To our astonishment, we arrive at CP9/TA 2 at 6 p.m. in 15th place. And I was finally confronted with my greatest fear: white water. After Eddie stuffed us with calories and electrolyte replacement fluids, we jumped into our ridiculous, two-person pool toy - I mean, Sevylor - and immediately faced a series of rapids. Mike and I were a poor match. I am a craven coward on anything above Class I ripples, and manifest my fear by talking myself through it. Mike is not only a good waterman, he’s taciturn and soft-spoken to boot. So as we crashed through raging Class III rapids, I was screeching, “Hey, rock on your right! Which way are you headed there Mike? We’re going to DIE Mike!!! Hey, we made it, !”
This was unnerving for Mike and exhausting for me, but he guided the Sevylor and his stress-case bowman into the outflow of the Kern and onto Lake Isabella. We had punctured the bottom of our inflatable, and the going was slow and wet into a freshening breeze. Mike powered us down the length of the lake, as I began coping with a truly ironic affliction: I was getting cold. Frigid, in fact. Actually, I was hypothermic, and shivering with a tooth-jarring intensity from the sloppy waves breaking into my lap. The finish line was within reach, but we were running out of time: we had to be off the water by 8:40 p.m. or risk disqualification. Remembering that Barger had said we could walk to the finish with our kayaks, we beached the crappy thing and stood in the gloaming; me shivering and trying to wrap myself in my emergency space blanket while Mike methodically deflated the Sevylor and gathered all our stuff.
Mike began mumbling quietly about how in the hell we would get back to town. “Town? Forget town, Mike, we can finish this thing,” I chattered. “All we have to do is follow the lake shore along that fire road and we’ll run into the finish.” Dubiously, Mike hefted the Sevylor while I clutched the paddles and miscellany, and we headed once more off on foot.
Blessedly, we were overtaken by a team from Arizona - freaks of nature who, it seemed, all met in Hawaii at the Ironman Triathlon. We had seen them pass us, several times, earlier on the course and to our delight they had not only a great attitude, but maps AND headlights. Stumbling in their wake, we spent another hour wending through yet more hills, and finally sighted the arc lights of the finish.

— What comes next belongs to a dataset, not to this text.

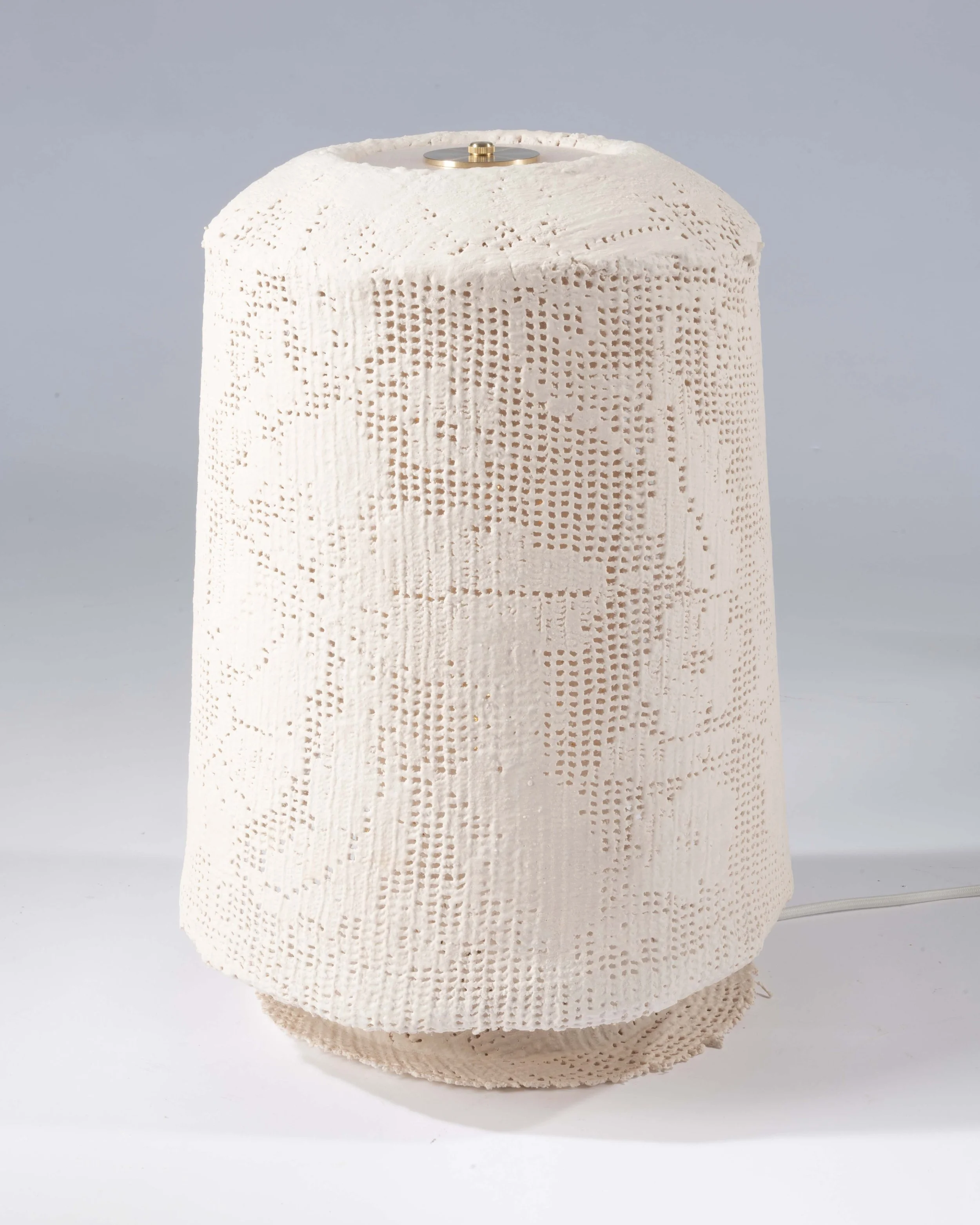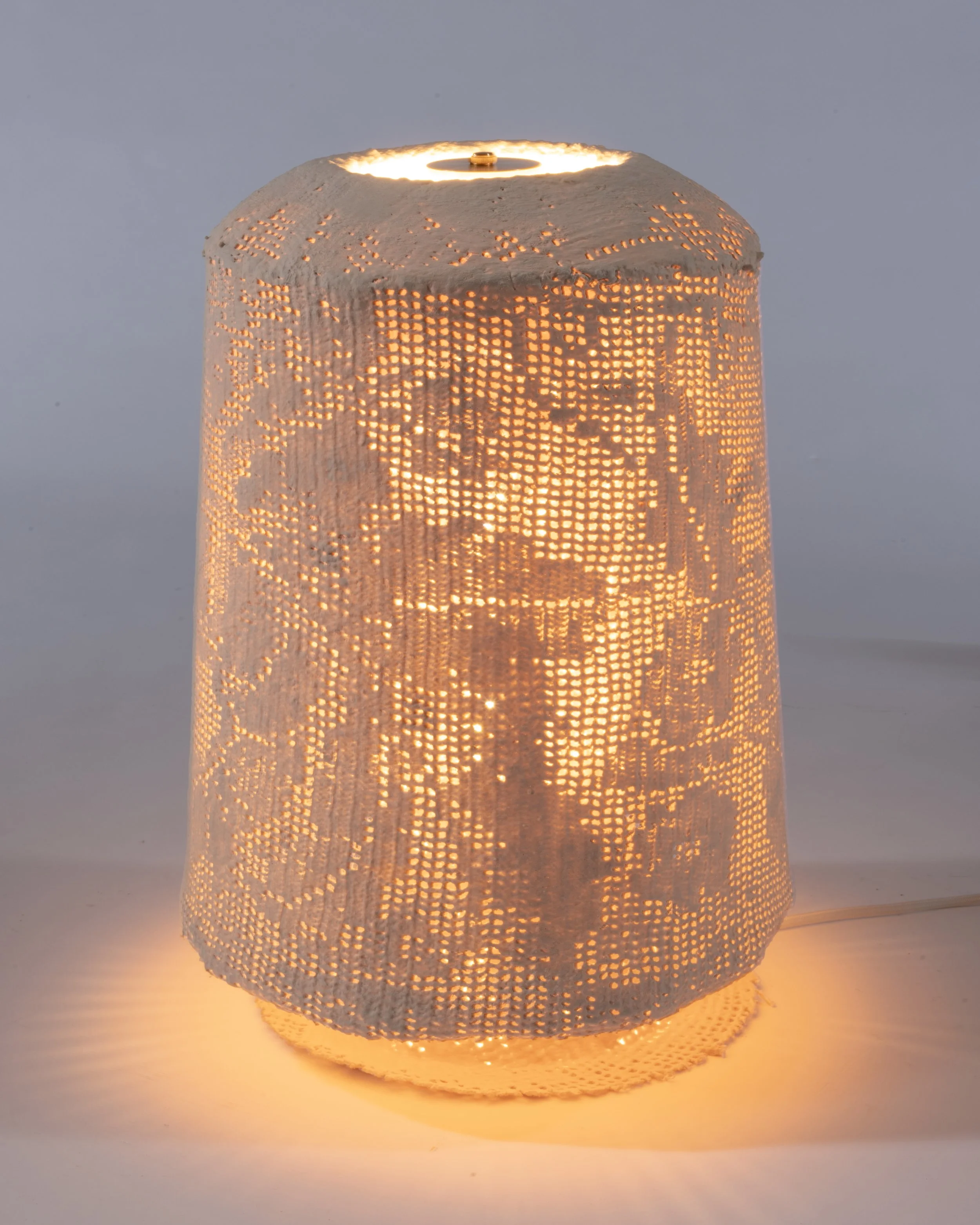 A single lace table runner is patterned into a continuous slip and stretched over a form, transforming a familiar domestic textile into a volumetric object. The delicate, two-dimensional material is hardened with resin, fixing its softness into a permanent structure while preserving its intricate detail.

After craftily handing in our passport just ahead of the Phoenix adventure racers, I accepted a hug from Kim, a proud a slap on the back from Eddie, and a query as to the location of the nearest bar from Scott.
Weeping seemed too melodramatic, even for me, so I turned to my partner, beaming with pride, to thank him for his effort. “Mike, my brother, I couldn’t have done it without you.”
“I know,” said Mike.
Gordon Wright is the president of Echo Communications, a PR and sports marketing firm in San Francisco.